#### Exercise description
Please print, exactly as written, the line containing "In its exploration" and each line after it through the end of the material; pictures stay out.

#### Data block
▬▬▬
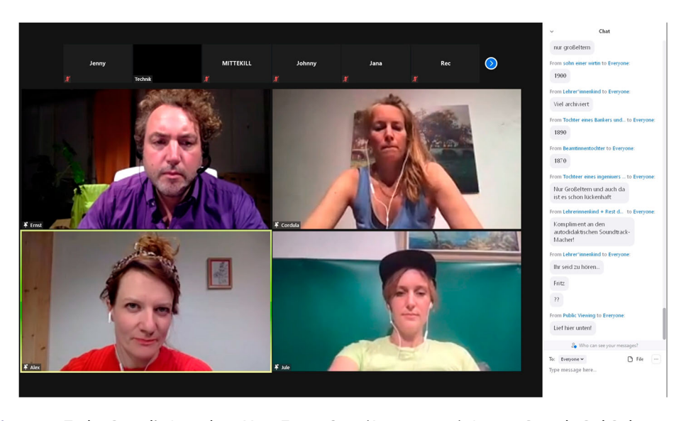
Figure 4. Turbo Pascal's Irgendwie Mitte Zoom-Com (August 2021).

In its exploration of social and economic class, the performance Irgendwie Mitte is a continuation of themes raised in our previous production 'Unterscheidet Euch!' (Distinguish Yourselves) that Turbo Pascal performed in an original analog version in 2019 at the children's and youth theatre Theater an der Parkaue, Berlin. For various festival invitations in 2021, Unterscheidet Euch had to be reconceived in a digital format. The crucial and important challenge for our collective lay in translating the participatory nature of the performance onto a digital platform. In practice, this meant transforming the active mingling of the audience in the theatre space into a lively and active digital exchange. With the constraints of the pandemic, Turbo Pascal had to choose between digital platforms in order to adapt their interactive processes and ways of communicating with the audience effectively. Ultimately, the team opted for a performance on Zoom, since it offers the widest range of accessibility and interaction for many users based on our research.
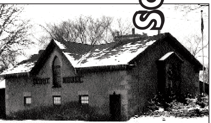
The Scout House building, with a showcase window on the end, still exists

The war years were good for the band and now prospective
▬▬▬
#### Solved problem
In its exploration of social and economic class, the performance Irgendwie Mitte is a continuation of themes raised in our previous production 'Unterscheidet Euch!' (Distinguish Yourselves) that Turbo Pascal performed in an original analog version in 2019 at the children's and youth theatre Theater an der Parkaue, Berlin. For various festival invitations in 2021, Unterscheidet Euch had to be reconceived in a digital format. The crucial and important challenge for our collective lay in translating the participatory nature of the performance onto a digital platform. In practice, this meant transforming the active mingling of the audience in the theatre space into a lively and active digital exchange. With the constraints of the pandemic, Turbo Pascal had to choose between digital platforms in order to adapt their interactive processes and ways of communicating with the audience effectively. Ultimately, the team opted for a performance on Zoom, since it offers the widest range of accessibility and interaction for many users based on our research.
The Scout House building, with a showcase window on the end, still exists

The war years were good for the band and now prospective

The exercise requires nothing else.